Clorox Company (NYSE:CLX) today reported sales growth of 5 percent
and flat diluted net earnings per share (EPS) from continuing
operations of $1.14, which includes
an 11-cent noncash charge related to
the Aplicare business as discussed below.
"I'm very pleased with the results we're reporting today, the
highlight being we delivered our second consecutive quarter of 8
percent volume growth. This is the highest volume increase we've
seen in nearly 10 years, with gains in each of our segments in the
U.S. and International," said Chairman and CEO Benno Dorer. "Excluding the noncash charge, we
delivered strong earnings per share growth on top of 18 percent
growth in the year-ago period. Notably, we continue to drive cost
savings and productivity improvements, including in International,
which delivered significant margin improvement."

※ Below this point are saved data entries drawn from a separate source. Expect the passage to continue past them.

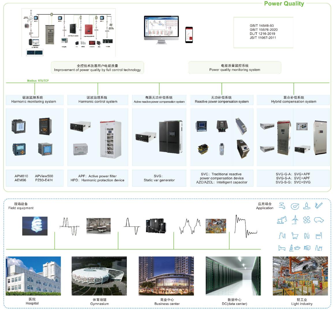 電能質(zhì)量分析與治理系統(tǒng)主要是研究消除供配電系統(tǒng)中的無功補償和諧波治理問題,主要的產(chǎn)品有有源電力濾波器、低壓無功功率補償裝置、靜止無功發(fā)生器、混合動態(tài)濾波補償裝置、混合動態(tài)消諧補償裝置、智慧型動態(tài)無功補償裝置、諧波保護器等,適用于新建、改建、擴建和技改項目中工業(yè)與民用及公共建筑內(nèi)電氣設(shè)備的無功補償、諧波抑制及綜合治理等,可根據(jù)不同行業(yè)類型和負(fù)載類型的電能質(zhì)量問題提供合適的設(shè)計解決方案,以達(dá)到改善供電質(zhì)量和確保電力系統(tǒng)安全經(jīng)濟運行的目的。
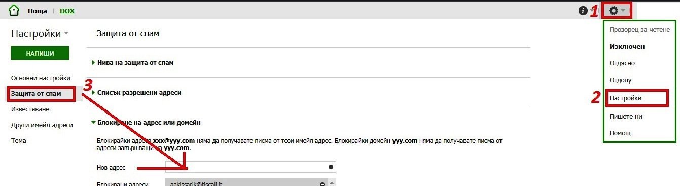 Допълвам: Ако изпращача е иван@досадник.ком и го добавите в Блокиране на адрес или домейн, няма да получавате от иван@досадник.ком.
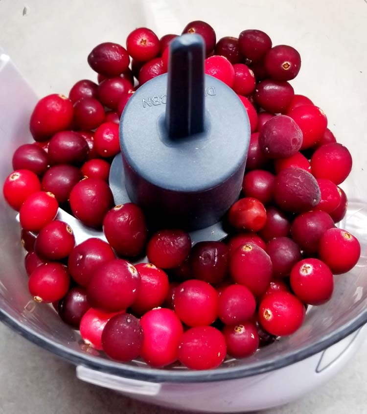 When you are ready to use the frozen cranberries, do not thaw; just wash what you need and put into the food processor.
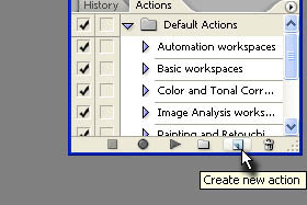 Kliknite na ikono Create new action (glej sliko). |
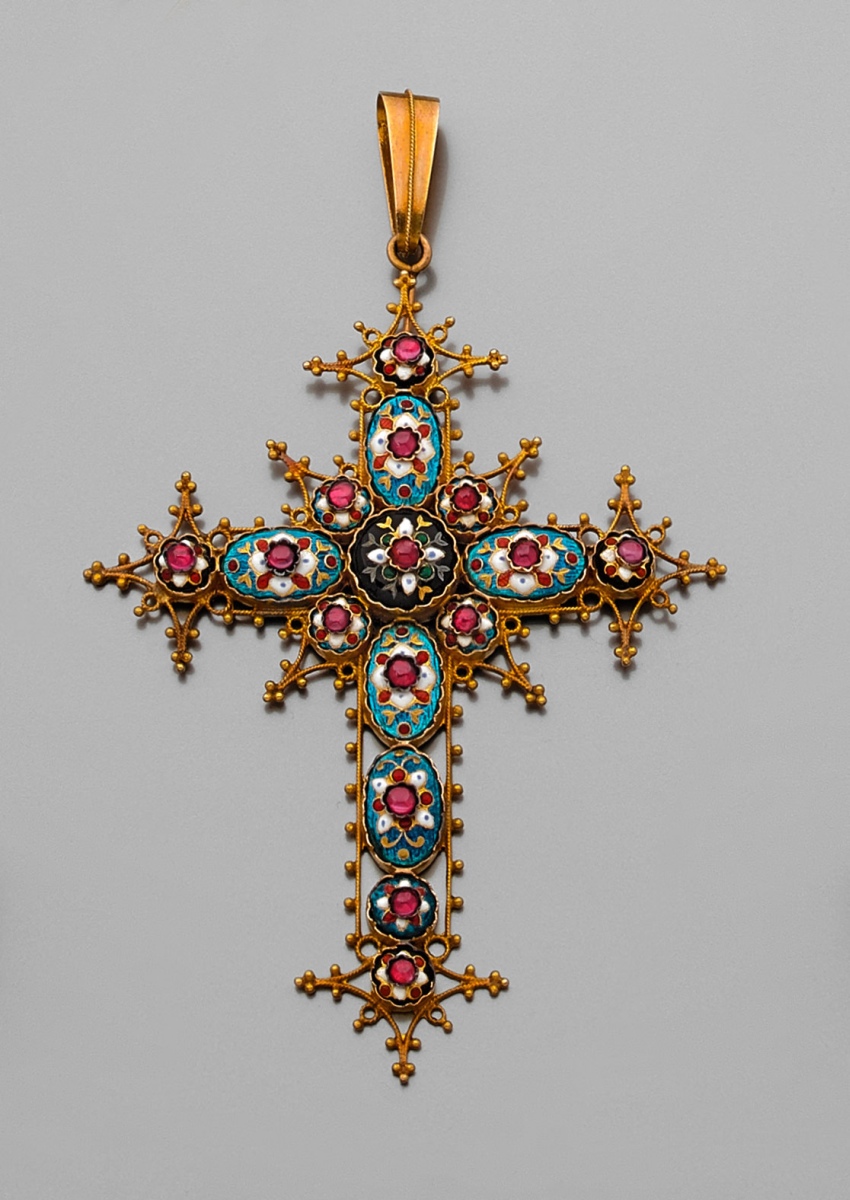 PENDENTIF CROIX en or jaune 18K 750 millièmes ajouré, orné de motifs à décor floral en ÉMAUX bressans, serti de pierres fines de forme cabochon, la monture décorée de petites boules d'or. (Petits manques à l'émail, deux pointes légèrement faussées).
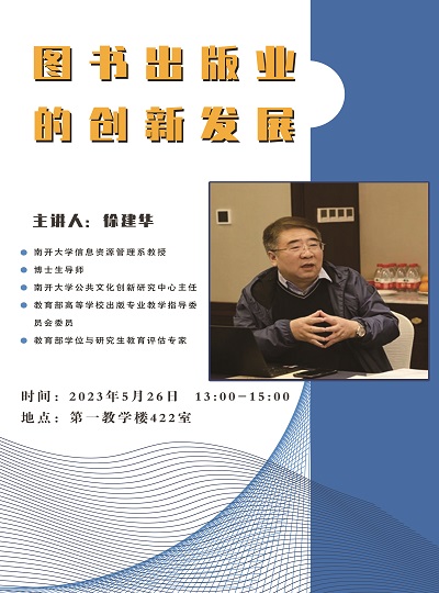 主讲人:徐建华,男,南开大学信息资源管理系教授时间、地点:2023年5月26日,第一教学楼422室主办单位:新闻与出版学院、科研处讲座内容:1.红色文献建设与推广路径;2.少年儿童的经典阅读推广;3.智慧图书馆的研究与实践.

"As we look to the remainder of fiscal year 2017, incremental
investment behind our brands remains a priority, with promising
innovation launching across our portfolio," continued Dorer.
"Importantly, our core business remains strong. We're confident in
our strategy and staying the course."
All results in this press release are reported on a continuing
operations basis, unless otherwise stated. Some information in this
release is reported on a non-GAAP basis. See "Non-GAAP Financial
Information" below and the tables toward the end of this press
release for more information and reconciliations of key
second-quarter fiscal year 2017 and fiscal year 2016 results to the
most directly comparable financial measures calculated in
accordance with generally accepted accounting principles in the
U.S. (GAAP).
Fiscal Second-Quarter Results
Following is a summary of key second-quarter results. All
comparisons are with the second quarter of fiscal year 2016, unless
otherwise stated.
- 8% volume growth
- 5% sales growth
- $1.14 diluted EPS
In the second quarter, volume grew 8 percent, reflecting
increases in all reportable segments. Total company sales grew 5
percent, driven by strong volume growth, including 2 points from
the RenewLife digestive health business, which was acquired in
May 2016, and the benefit of price
increases in the company's International business. These factors
were partially offset by slightly less than 2 points of unfavorable
foreign currency exchange rates as well as unfavorable mix. On a
currency-neutral basis, second quarter sales grew 6 percent.
Clorox delivered earnings from continuing operations of
$150 million, or $1.14 diluted EPS, equal to the year-ago quarter.
Second-quarter diluted EPS results reflect higher sales growth and
cost savings, offset by higher manufacturing and logistics costs as
well as the aforementioned 11-cent
reduction from a $21 million noncash
charge related to impairing certain assets of the Aplicare skin
antisepsis business within the Cleaning segment, which was recorded
to Other Expense. The impairment charge resulted from an updated
valuation related to anticipated lower future cash flows for the
Aplicare business. This was based on increased investment levels
and actions the company is taking in an evolving regulatory
landscape for the skin antisepsis business.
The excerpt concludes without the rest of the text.